Work to complete » Copy out exactly, from the entries that follow, the line holding "Zenaz Repair Shampoo, strengthens", the line holding "北青网:(当红小生霍尊妈妈那点事:与火风结婚 曾是著名歌手2017.03.03)", and all lines between them, but no pictures.

· · ·

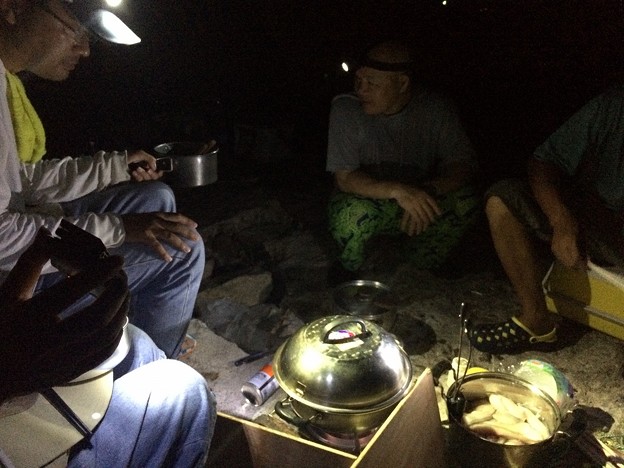 完全に日が落ちたので、ベースキャンプへ戻る。
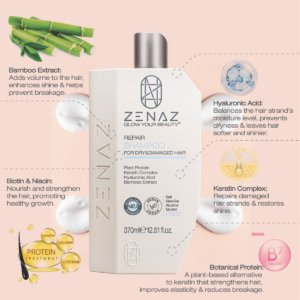 Zenaz Repair Shampoo, strengthens hair strands and increases elasticity with its *Plant Protein and helping to reduce breakage. It also aids in repairing hair damage caused by chemical treatments, heat styling, and environmental fac- tors. *Keratin Complex (Wheat, Soy and Corn Protein) consisting of peptides and amino acids repairs damaged hair strands and adds shine to the hair. *Hy- aluronic Acid, with its intense moisturizing properties, supports the softness of hair strands and provides volume. *Bamboo extract, rich in silica content, helps to strengthen dry and damaged hair and give it a healthy look.
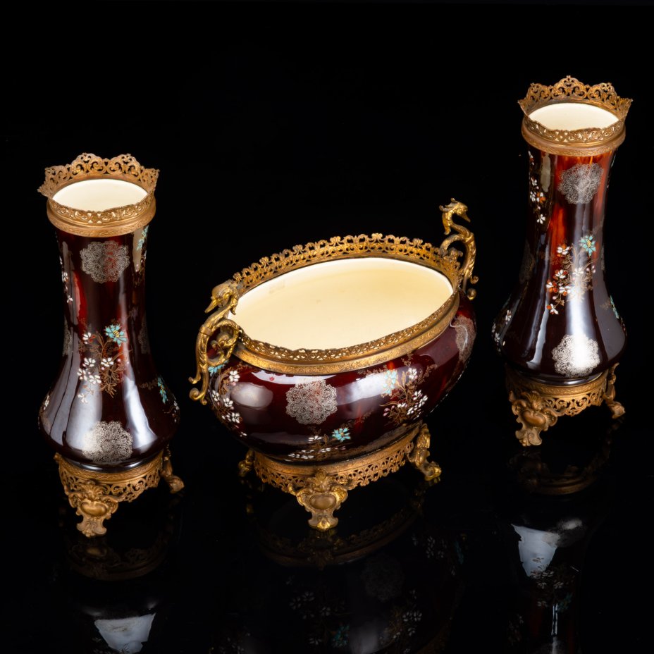 Интерьерное каминное трио для цветочных композиций (две вазы и кашпо), фаянс, латунь, роспись эмалями, крытье, золочение, Boch Freres Keramis, Бельгия, 1900-1920 гг.
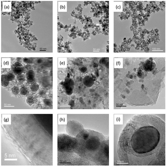 HRTEM images: Fe3O4 nanoparticles and obtained hybrid CMS membrane (a,d,g), γ-Fe2O3 nanoparticles and obtained hybrid CMS membrane (b,e,h), Zn0.5Ni0.5Fe2O4 nanoparticles and obtained hybrid CMS membrane (c,f,i) (the hybrid CMS membranes with 15% content of Fe series particles and carbonization temperature of 700 °C) [63,64,65].
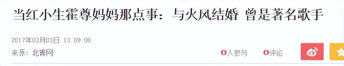北青网:(当红小生霍尊妈妈那点事:与火风结婚 曾是著名歌手2017.03.03)
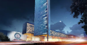 «Это наиболее важная часть всего комплекса зданий. 47-этажная башня высотой более 288 метров со шпилем, с площадью помещений 62 тыс. кв. метров станет градостроительной доминантой запада и северо-запада Москвы», — пояснил он. Гендиректор компании «Мосинжпроект» (которая и занимается реализацией проекта) Юрий Кравцов добавил, что параллельно продолжат работы в низкоэтажной части.
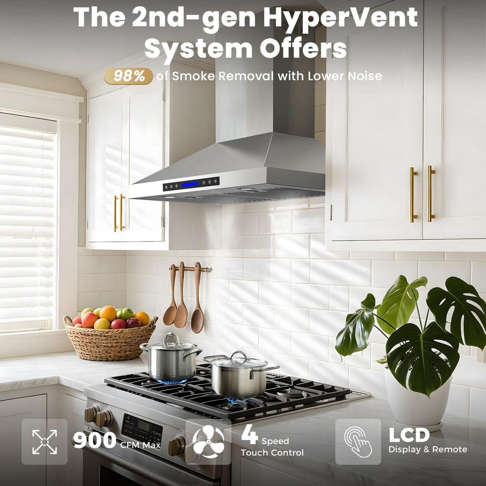 INATECK 36 in. 900 CFM Convertible Wall Mount Range Hood with Remote, Touch Control LCD, Long-term Warranty in Stainless Steel
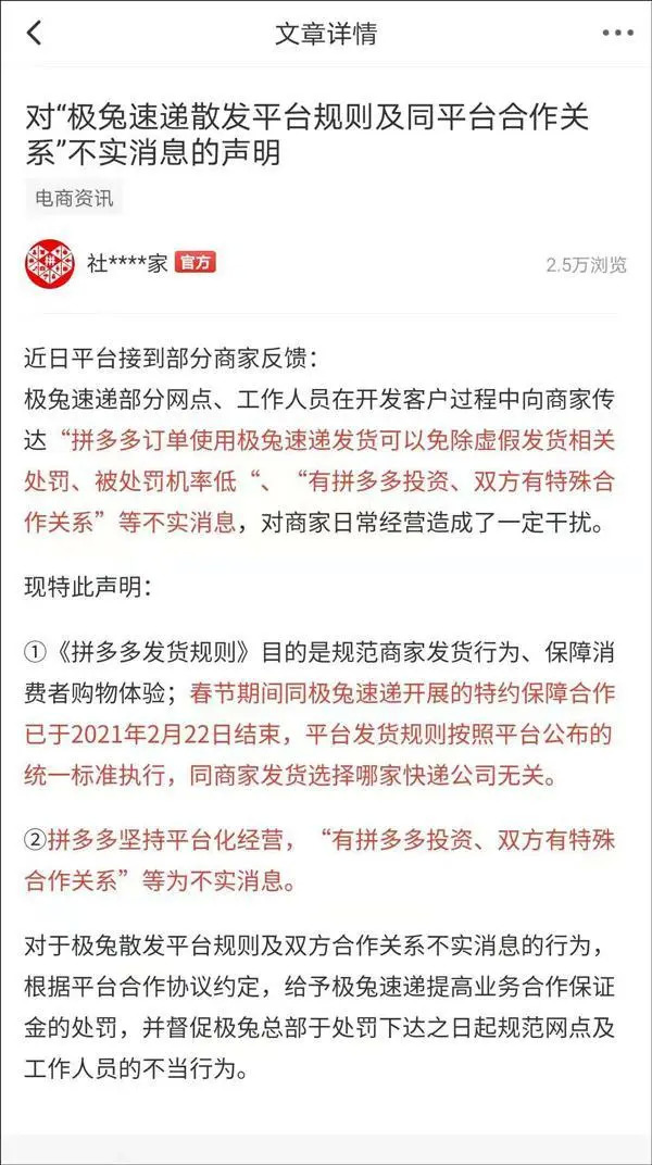 拼多多否认与极兔存“特殊关系”,来源:拼多多
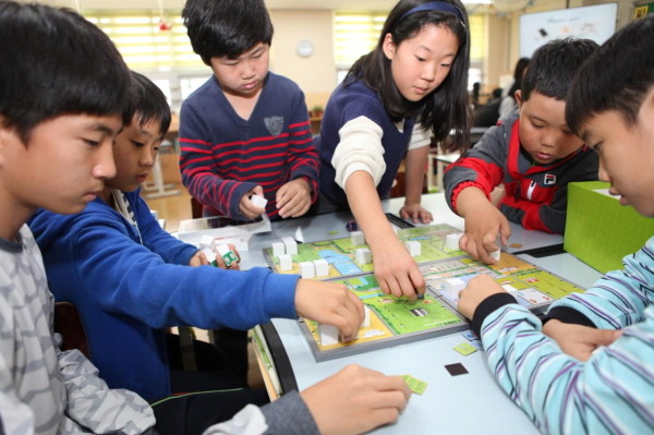 기후변화 교육키트를 활용한 학교방문 수업은 약 80분간 1, 2교시로 나누어 진행되는데, 1교시에는 간단한 시청각교육 후 보드게임을 통해 기후변화의 원인 및 현상을 인지할 수 있도록 하고, 2교시에는 직접 친환경 마을을 건설해 친환경에너지를 마을에 공급하는 과정을 직접 체험하는 학습이 진행된다.
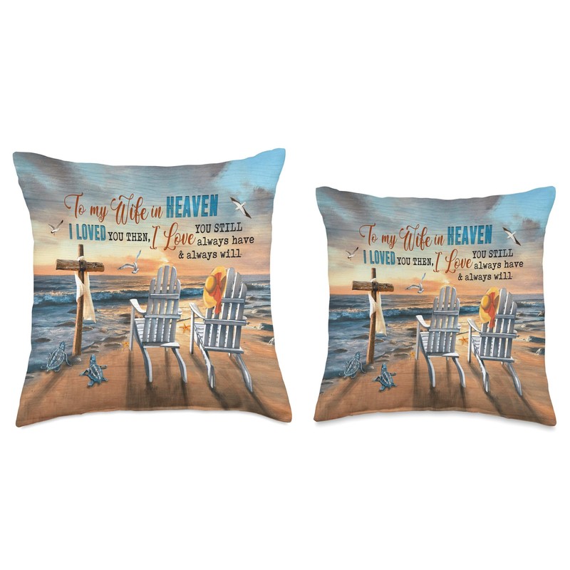 Funny Wife Gifts Humour Husband To My Wife in Heaven Sunset Chair Sea Turtle Throw Pillow, 16x16, Multicolor
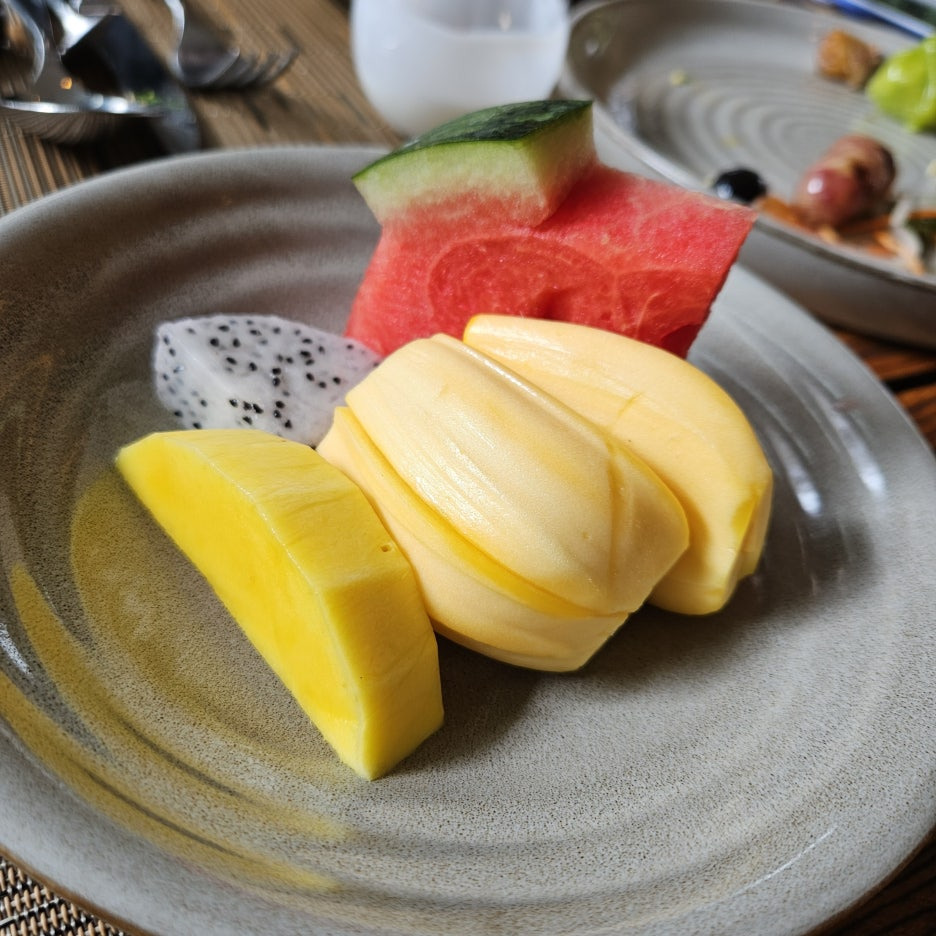 잠시 쉬어가는 과일 접시. 고급스러움이 묻어나는 모습이다. 아내분이 극찬을 한 잭 플룻과 망고. 아주 신선하고 달았다.

· · ·

Response to the exercise »
 Zenaz Repair Shampoo, strengthens hair strands and increases elasticity with its *Plant Protein and helping to reduce breakage. It also aids in repairing hair damage caused by chemical treatments, heat styling, and environmental fac- tors. *Keratin Complex (Wheat, Soy and Corn Protein) consisting of peptides and amino acids repairs damaged hair strands and adds shine to the hair. *Hy- aluronic Acid, with its intense moisturizing properties, supports the softness of hair strands and provides volume. *Bamboo extract, rich in silica content, helps to strengthen dry and damaged hair and give it a healthy look.
 Интерьерное каминное трио для цветочных композиций (две вазы и кашпо), фаянс, латунь, роспись эмалями, крытье, золочение, Boch Freres Keramis, Бельгия, 1900-1920 гг.
 HRTEM images: Fe3O4 nanoparticles and obtained hybrid CMS membrane (a,d,g), γ-Fe2O3 nanoparticles and obtained hybrid CMS membrane (b,e,h), Zn0.5Ni0.5Fe2O4 nanoparticles and obtained hybrid CMS membrane (c,f,i) (the hybrid CMS membranes with 15% content of Fe series particles and carbonization temperature of 700 °C) [63,64,65].
北青网:(当红小生霍尊妈妈那点事:与火风结婚 曾是著名歌手2017.03.03)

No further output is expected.